New AI Steering Method Exposes Flaws and Potential Improvements

Researchers find a way to manipulate specific concepts in large language models, leading to more reliable and efficient training but also uncovering vulnerabilities.

Published on Feb. 27, 2026

A team of researchers has developed a new method to steer the output of large language models (LLMs) by manipulating specific concepts within these models. The approach could lead to more reliable, efficient, and less computationally expensive training of LLMs, but it also exposes potential vulnerabilities, such as the ability to jailbreak an LLM or boost political bias and conspiracy theories.

Why it matters

This research is important because it provides a way to open up the black box of LLMs, allowing researchers to better understand how these models arrive at their outputs and identify potential issues. The ability to steer LLMs could lead to significant improvements in performance and safety, but the same technique could also be used maliciously to bypass an LLM's safeguards or spread misinformation.

The details

The researchers, led by Mikhail Belkin at the University of California San Diego and Adit Radhakrishnan at the Massachusetts Institute of Technology, were able to locate specific concepts within LLMs and mathematically increase or decrease their importance in the model's output. This builds on their previous work on Recursive Feature Machines, which identified patterns in the mathematical operations inside LLMs that encode specific concepts. The researchers tested their steering approach on large open-source LLMs like Llama and Deepseek, identifying and influencing 512 concepts across five classes, including fears, moods, and locations. They found that steering could improve performance on narrow tasks, but it could also be used to jailbreak an LLM or boost political bias and conspiracy theories.

  • The research findings were published in the Feb. 19, 2026 issue of the journal Science.
  • The work builds on a 2024 Science paper led by Belkin and Radhakrishnan, in which they described predictive algorithms known as Recursive Feature Machines.

The players

Mikhail Belkin

A professor in the Halıcıoğlu Data Science Institute, which is part of the School of Computing, Information and Data Sciences at the University of California San Diego.

Adit Radhakrishnan

A researcher at the Massachusetts Institute of Technology and the Broad Institute.

Llama

One of the largest open-source large language models used in the experiments.

Deepseek

Another large open-source large language model used in the experiments.

Got photos? Submit your photos here. ›

What they’re saying

“We found that we could mathematically modify these patterns with math that is surprisingly simple.”

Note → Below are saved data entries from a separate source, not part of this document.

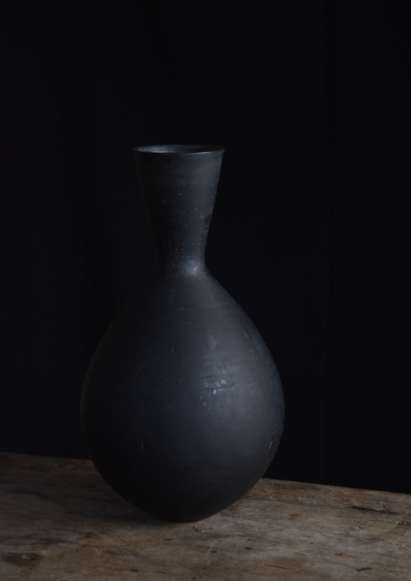 黒_花器(陶胎漆器)
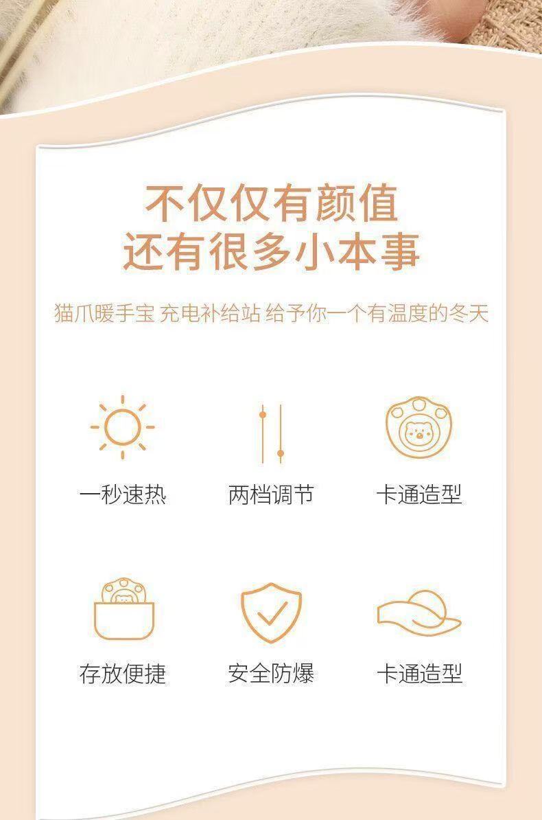 新款USB充电猫爪暖手宝 猫爪防爆小巧便携式萌宠卡通充电式暖手宝
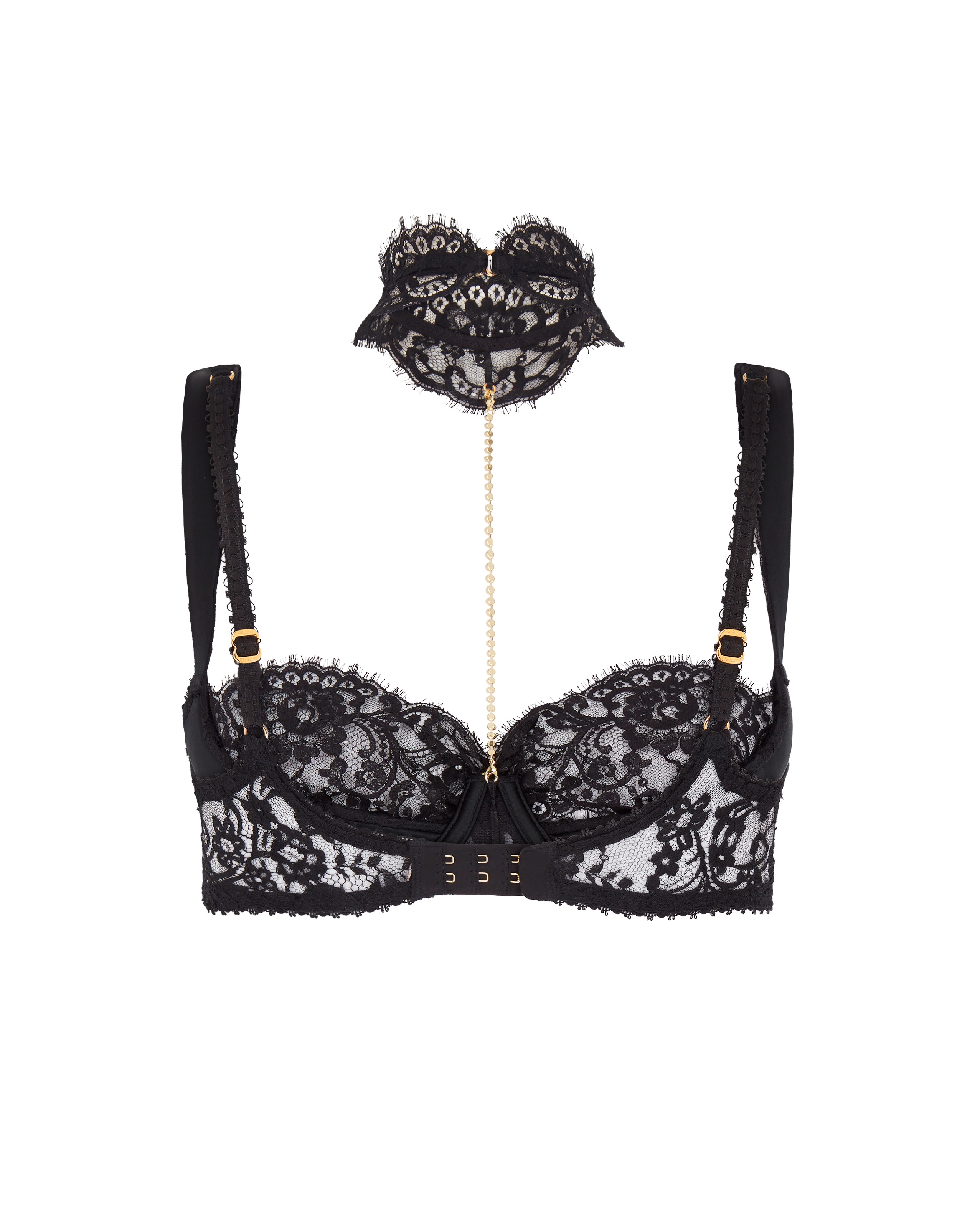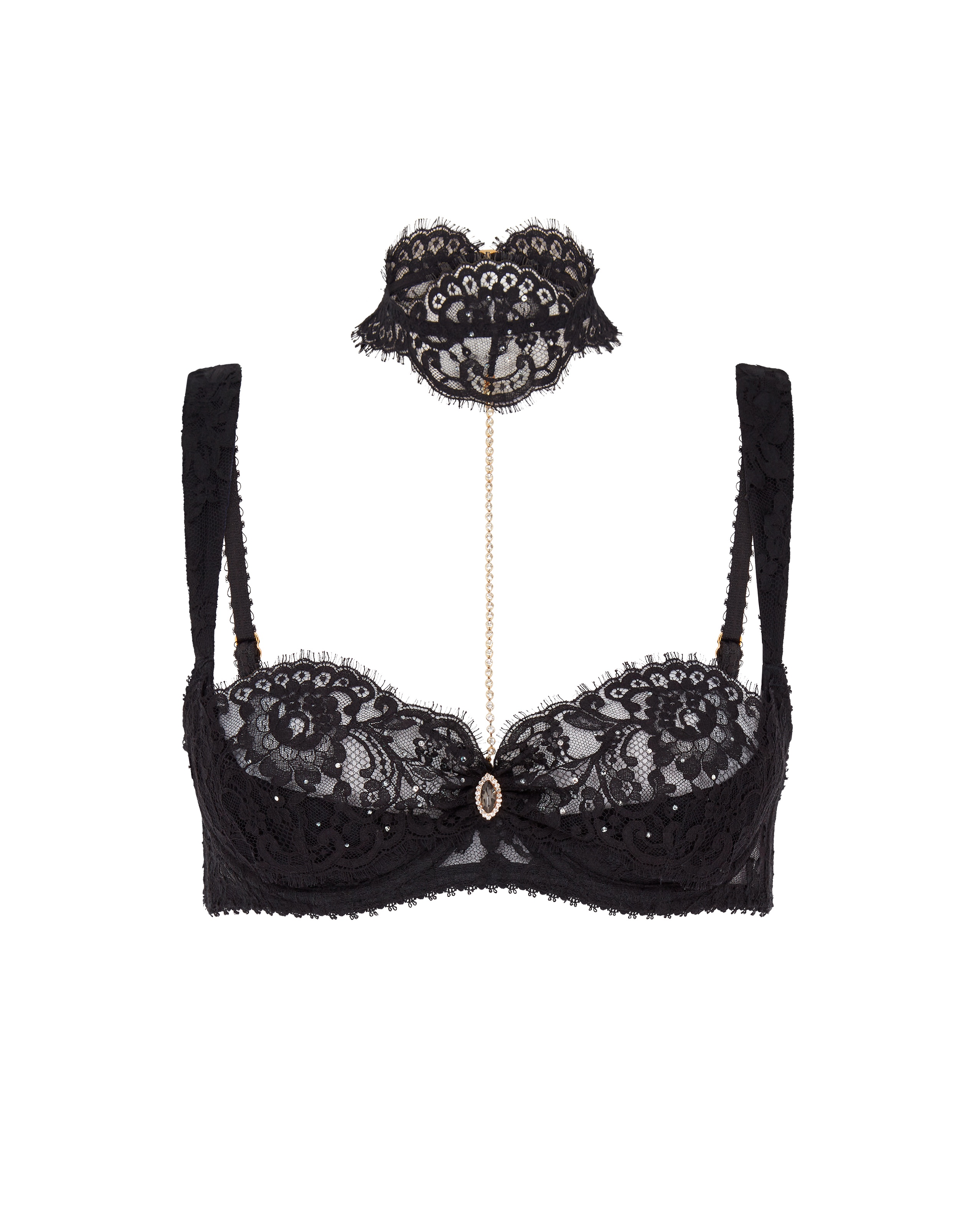Черный бюстгальтер балконет Jewlie с французским кружевом Leavers, дополненным прозрачным тюлем, и шелковыми чашечками, придающими легкий эффект пуш-апа. Съемный чокер и кристальные детали добавляют шарма, а позолоченная фурнитура на бретелях и регулируемая застежка обеспечивают комфорт и идеальную посадку.

— Mikhail Belkin, Professor

What’s next

Researchers plan to continue improving the steering method to adapt to specific inputs and applications, as well as explore the technique's potential to lead to fundamental performance and safety improvements in large language models.

The takeaway

This research highlights both the potential benefits and risks of being able to steer the output of large language models. While the technique could lead to more reliable and efficient training, it also exposes vulnerabilities that could be exploited to bypass an LLM's safeguards or spread misinformation. Continued research and development in this area will be crucial to ensuring the safe and responsible use of these powerful AI systems.